ZARİNA MI, TİNKER BELL Mİ?

İçimizdeki pembe dünyanın resmini çeken film, yer yer güldürüyor yer yer hüzünlendiriyor. Parantez açalım; filmdeki hüzün çoğu zaman mutluluktan kaynaklanıyor. Geldik es geçmememiz gereken önemli değişikliğe… Tinker Bell karakteri sanki bu filmde Zarina karakterinin gölgesinde kalmış. Belki de bu sefer Zarina öne çıkarılmak istendi. Kimbilir…

Sonuçta bu negatif argüman, film için herhangi bir sorun teşkil etmiyor ama izleyici için edebilir. Bizim düşüncemiz şu yönde: bu değişiklik iyiki yapılmış, bazen yan karakterler de kendilerini göstermeli. Yoksa, sürekli Tinker Bell’in maceralarını izliyor olurduk, bu da bir yerden sonra sıkıntı yaratırdı.

Genel tabloya göre değerlendirdiğimizde; bir çok sinematografik teknikle donatılan “Tinker Bell ve Korsan Peri”, sahne aralarına yaftaladığı hareketli müzikleri, o kadar yerli yerinde kullanıyor ki, adeta dans edesimiz geliyor. Hatta periler bile dans ediyor. Keşke peri olsaydık diyoruz. Tam da bu noktada aklımıza filmdeki bir replik geliyor: “Periler de amma safmış ya” Esasında bu replik, kendini kurnaz sananlara gönderme niteliğinde… Biz de soruyoruz acaba periler bu kadar saf mı diye? Bilinmiyor… Kötülüklerin kol gezdiği dünyada hepimiz peri olmak isterdik. Saf da olsak, olmasak da… Ne de olsa, önünde sonunda iyilik kazanacak.

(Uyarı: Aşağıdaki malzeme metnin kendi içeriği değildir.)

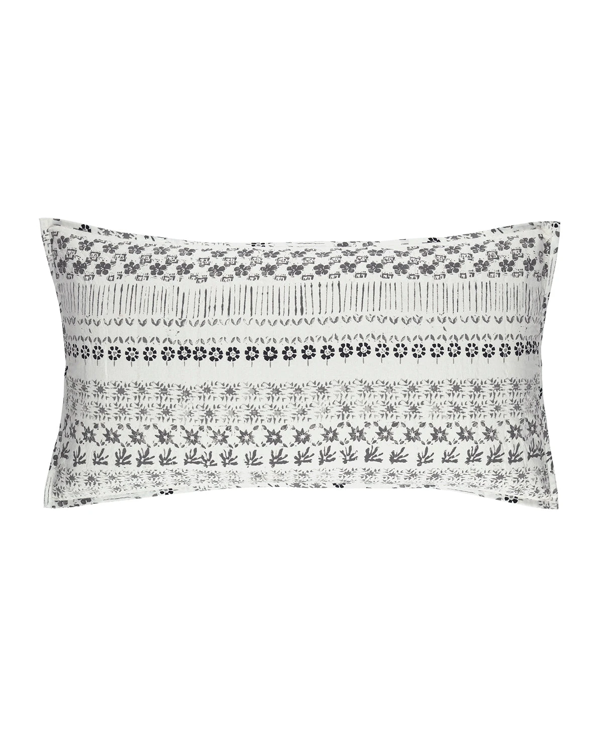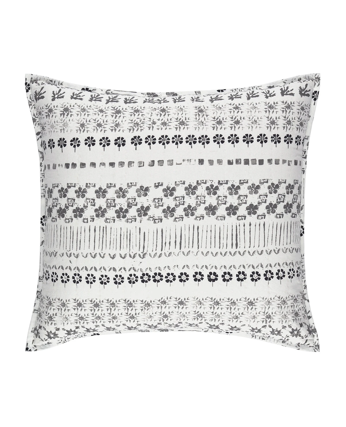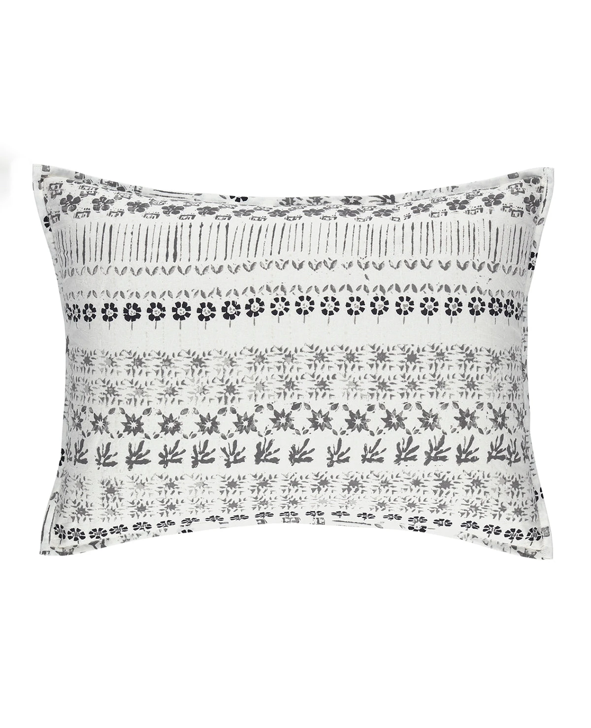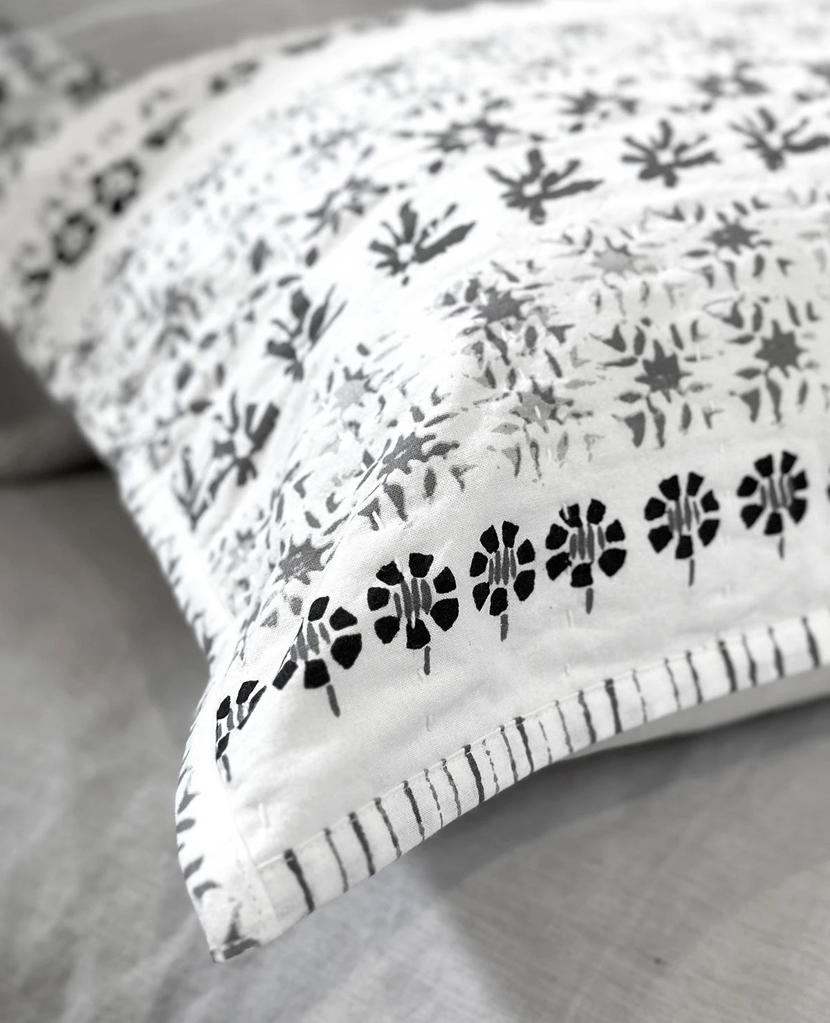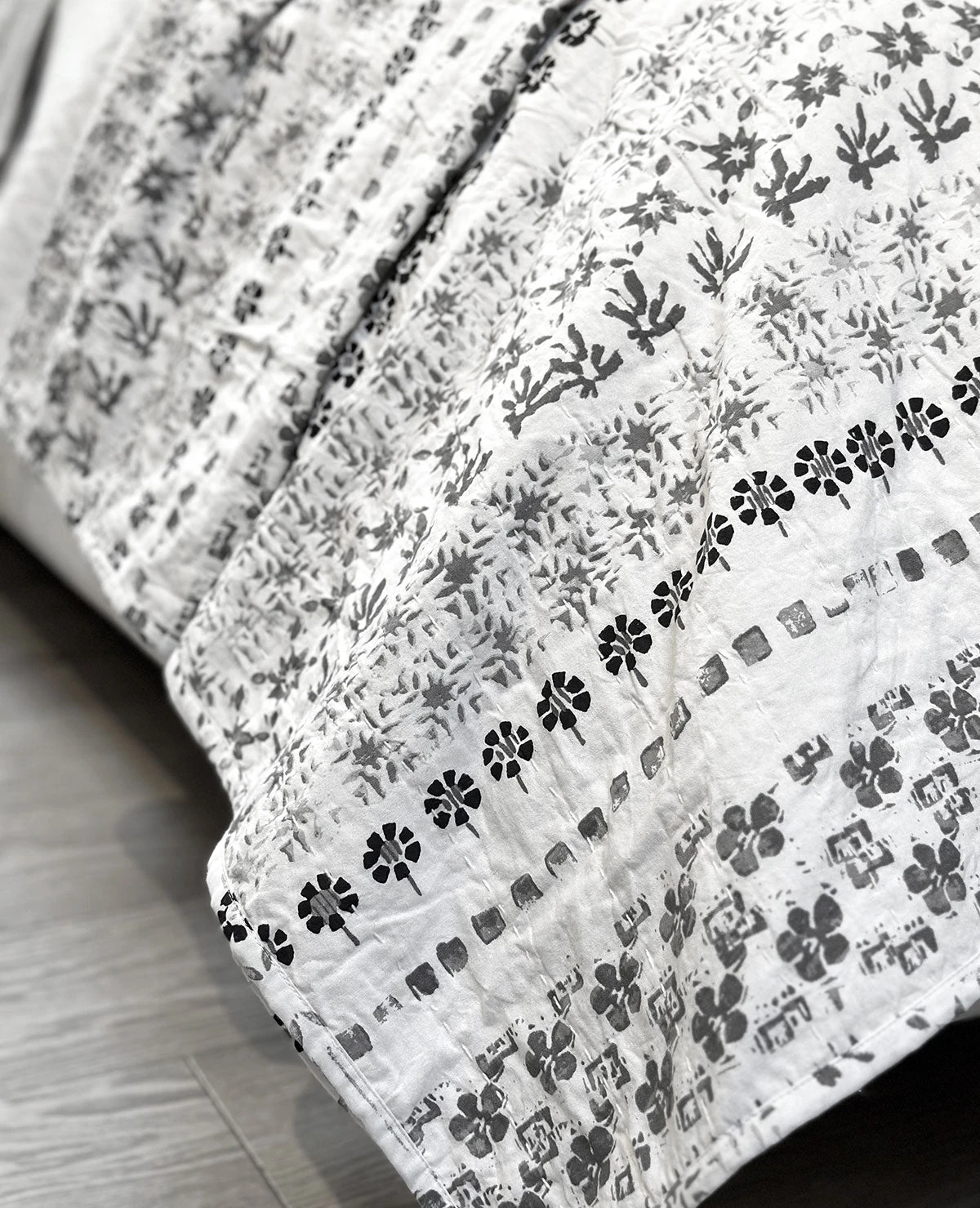 Inspired by traditional Indian block prints, this lightweight coverlet features a repeating pattern of small scale floral motifs. Available in Grey and Neutral/Blue, this quilt is constructed of a double layer of fabric with a light kantha stitch quilting. Reverses to a solid cotton backing.
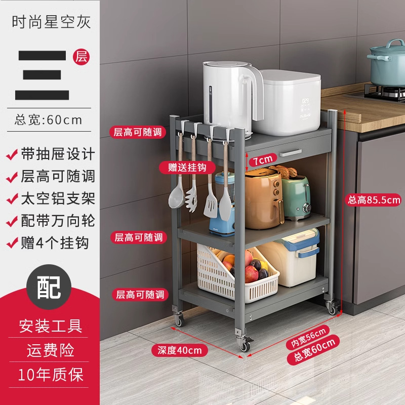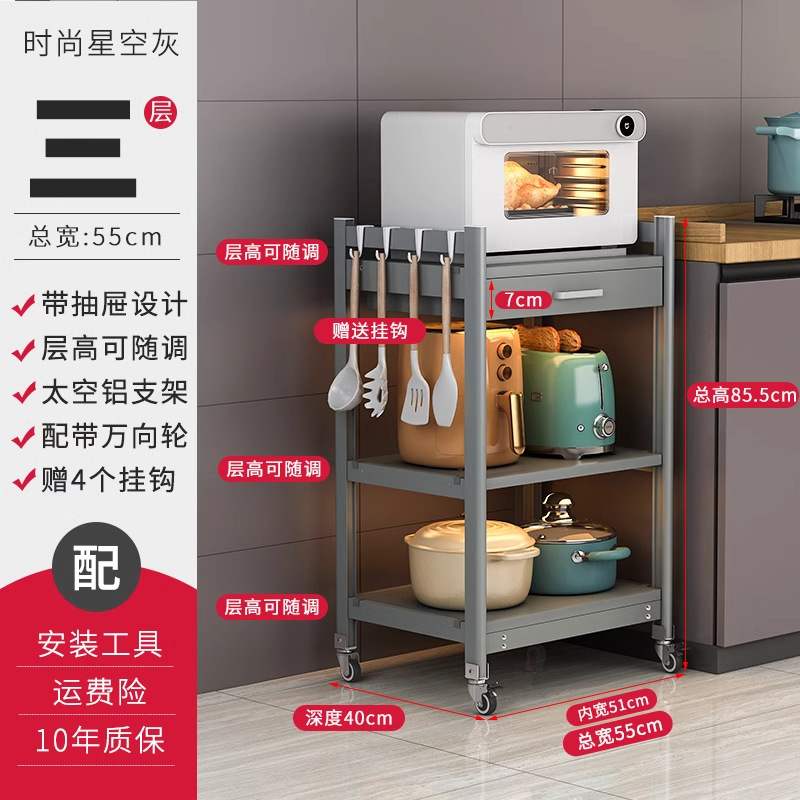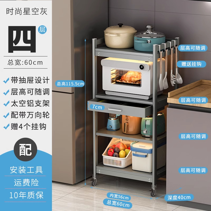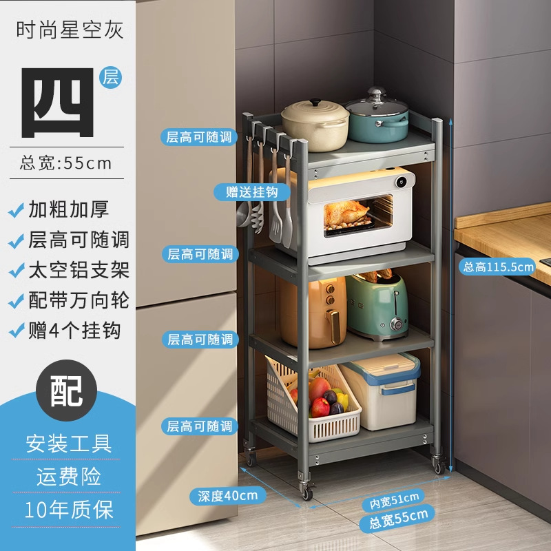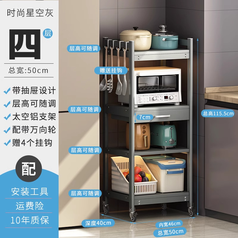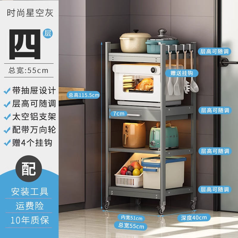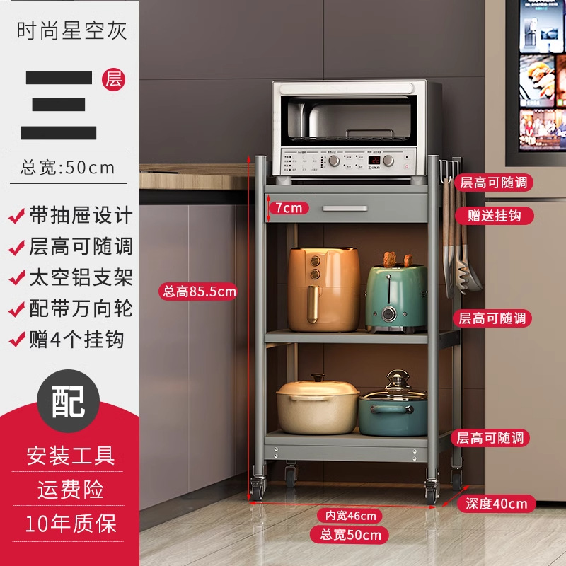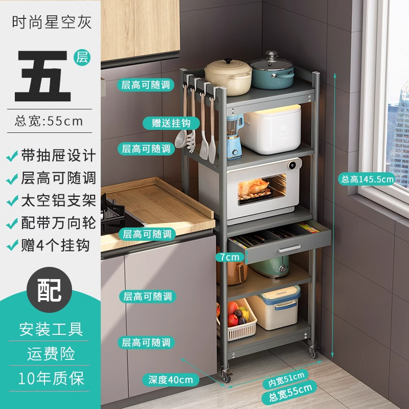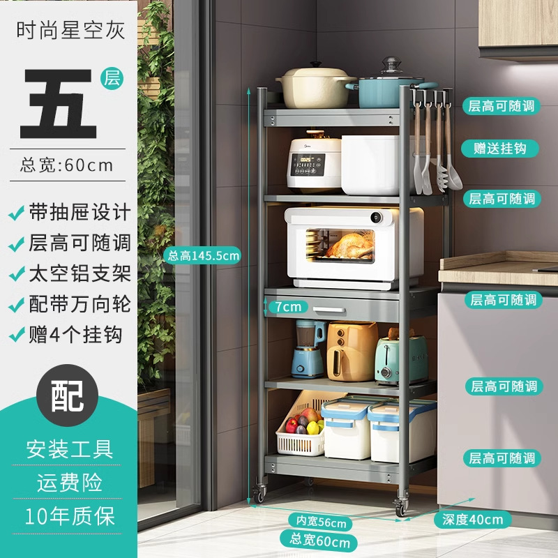 공간 알루미늄 주방 전자 레인지 보관 선반 바닥 다층 가정용 다기능 오븐 기기 보관함스토어 가기

Sonuç olarak; “Tinker Bell ve Korsan Peri” büyüleyici atmosferiyle yediden yetmişe herkesi animasyon seyretmeye davet eden dört başı mamur bir film. Rengarenk kıyafetleriyle ve çılgın mekanlarıyla ilgimizi celbeden film, bizi hiç bilmediğimiz bir şehre taşıyor sanki… O şehirde yepyeni şeyler öğreniyoruz. Tabiki tüm bunları bize Tinker Bell öğretiyor. Tinker Bell’in dünyasına hepiniz hoş geldiniz!